======== Exercise inputs ========
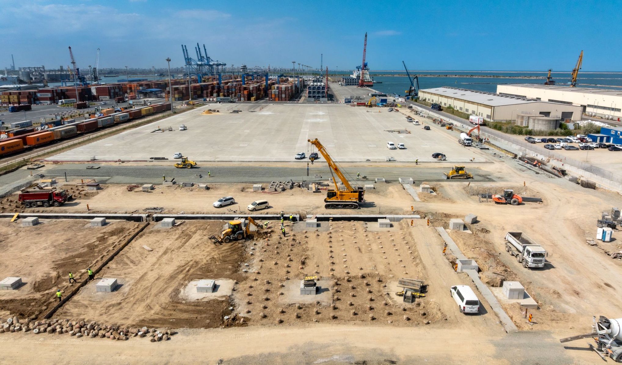 PORR Romania avanseaza cu lucrarile de constructie la noul terminal multimodal dezvoltat pe platforma portuara din zona D, pe MOL II-S Port Constanta Sud, de compania Constanta South Container Terminal, parte a DP World. Conform datelor transmise de constructor, la platforma 2 si platforma de manevrare lucrarile sunt finalizate in proportie de 80-90%, inclusiv cele la retele, la fundatiile stalpilor de 32 m, sprijiniri si piloti forati. "Marea provocare este executia unei cuve de beton armat, complet ingropata in terenul natural, destinata instalarii unui separator de hidrocarburi. La platforma 1, provocarile sunt semnificative, iar imbunatatirea terenului de fundare se realizeaza in adancime prin consolidarea rocii de baza cu coloane din beton simplu executate prin indesare si nuclee rigide si prin reducerea tasarii terenului pentru a asigura o fundatie stabila", au transmis reprezentantii Porr intr-o postare pe Linked in.In continuare, lucrarile avanseaza intr-un ritm alert la coloanele din beton si nuclee rigide, canalele tehnice (longitudinale si transversale), la rampe si ziduri de sprijin.
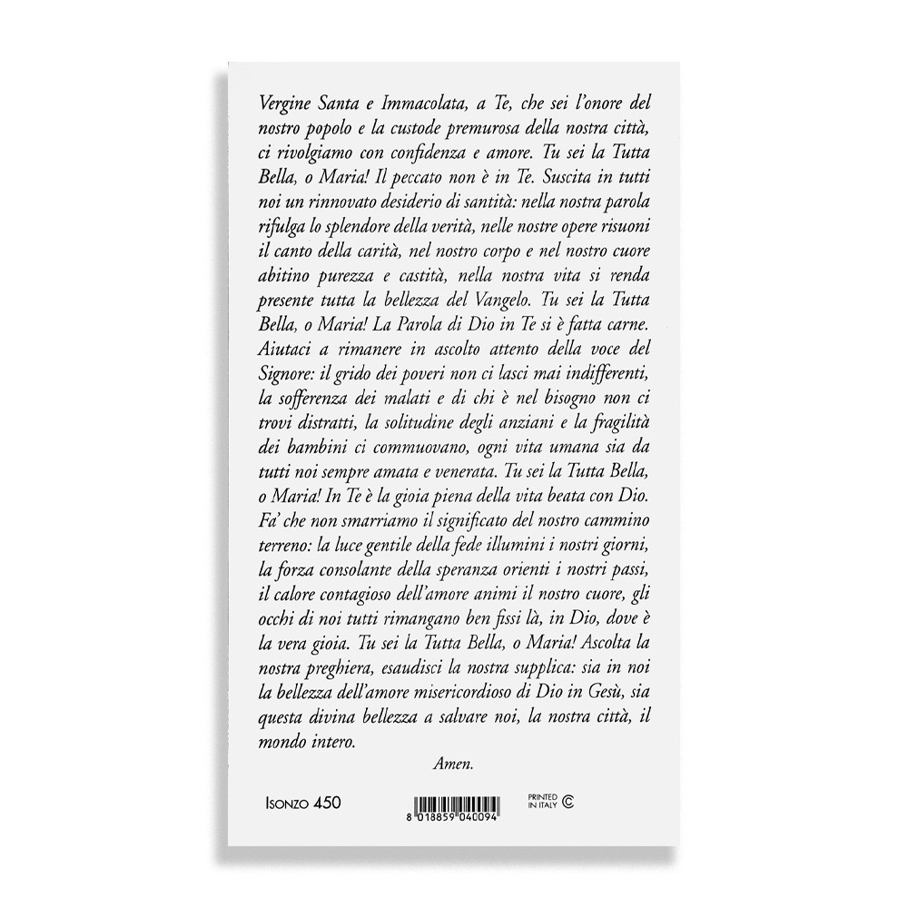 Santino religioso con preghiera dedicata aalla Madonna Immacolata Concezione.- Vendibile in confezione da 100 immaginette.
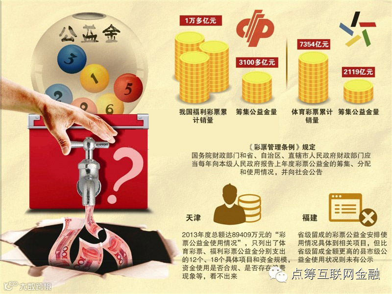 “彩票的本质是通过政府特殊事业向社会募集公益基金,最终目的不是经营牟利,更不是赌博娱乐,而是通过人们买彩票补充公益开支的不足。”中国政法大学财税法研究中心主任施正文说。福彩、体彩两大类彩票成立20多年来,我国已筹集公益金3100多亿元和2000多亿元。这些应“取之于民、用之于民”的公益金去哪儿了?
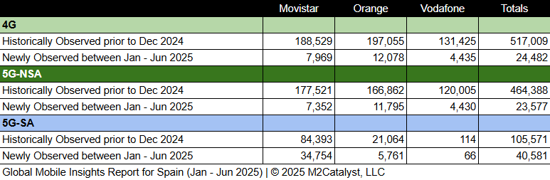 • The number of 5G-SA Cell IDs is approximately 46% of the newly observed Cell IDs with Movistar and Orange contributing over 99% of those.
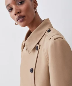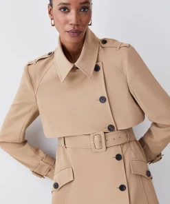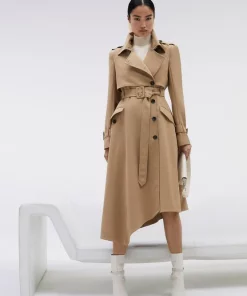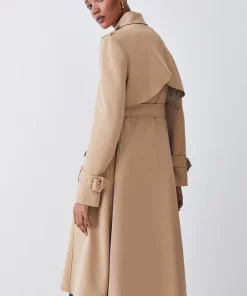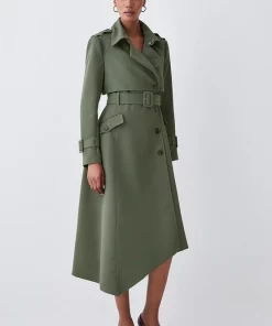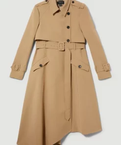 A tailored piece that will pair harmoniously with everything in your collection, this trench coat offers a modern perspective on outerwear. This piece is enhanced with an asymmetric hemline which creates an elegant draped effect, while a cross-over back storm flap creates extra volume. Woven with signature bonded crepe fabric to give structure, this trench coat has a truly premium feel.
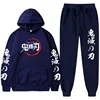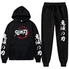 Sudadera con capucha de Demon Slayer para hombre y mujer, suéter de manga larga con estampado gráfico de Anime, conjunto de pantalones con Cordones elásticos de moda informal, ropa Unisex
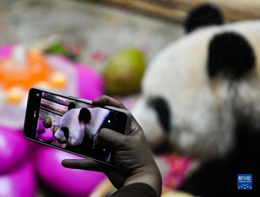 當日,為慶祝大熊貓“貢貢”和“舜舜”來到海南五周年,位于海口的海南熱帶野生動植物園為這對“熊貓兄弟”準備了玩具和竹筍、水果等美食,同時舉辦多種科普活動和互動游戲,吸引不少游客參加。
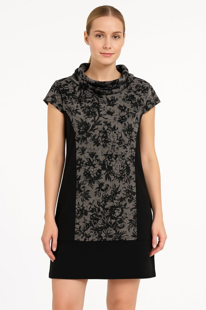 Повседневное платье Milke прямого кроя с коротким рукавом и мягким воротником-хомутом. Серо-чёрная вставка с цветочным принтом делает образ спокойным и аккуратным — подойдёт для офиса, прогулок и встреч. Практично тем, что легко сочетается с плотными к...
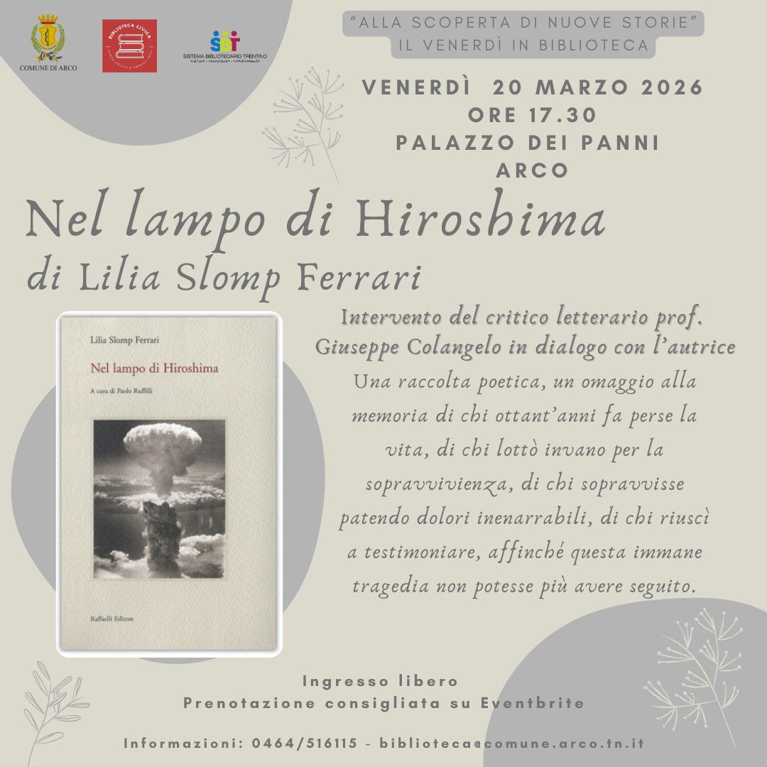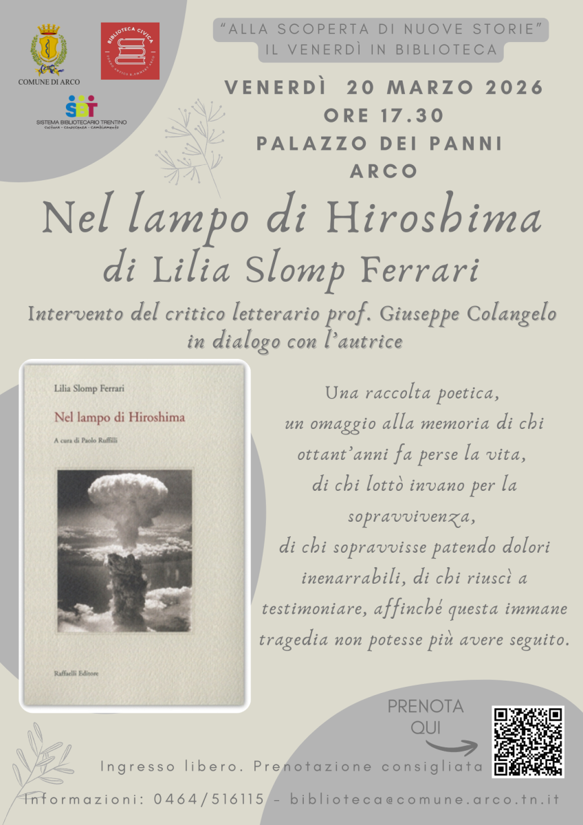 L'evento è ad ingresso libero, ma consigliamo la prenotazione su Eventbrite, a questo link, oppure chiamando in biblioteca il numero 0464/516115 o scrivendo a biblioteca@comune.arco.tn.it
========
Could you retype exactly the lines running from the one with "Sudadera con capucha" to the end of the material above, pictures omitted?

 Sudadera con capucha de Demon Slayer para hombre y mujer, suéter de manga larga con estampado gráfico de Anime, conjunto de pantalones con Cordones elásticos de moda informal, ropa Unisex
 當日,為慶祝大熊貓“貢貢”和“舜舜”來到海南五周年,位于海口的海南熱帶野生動植物園為這對“熊貓兄弟”準備了玩具和竹筍、水果等美食,同時舉辦多種科普活動和互動游戲,吸引不少游客參加。
 Повседневное платье Milke прямого кроя с коротким рукавом и мягким воротником-хомутом. Серо-чёрная вставка с цветочным принтом делает образ спокойным и аккуратным — подойдёт для офиса, прогулок и встреч. Практично тем, что легко сочетается с плотными к...
 L'evento è ad ingresso libero, ma consigliamo la prenotazione su Eventbrite, a questo link, oppure chiamando in biblioteca il numero 0464/516115 o scrivendo a biblioteca@comune.arco.tn.it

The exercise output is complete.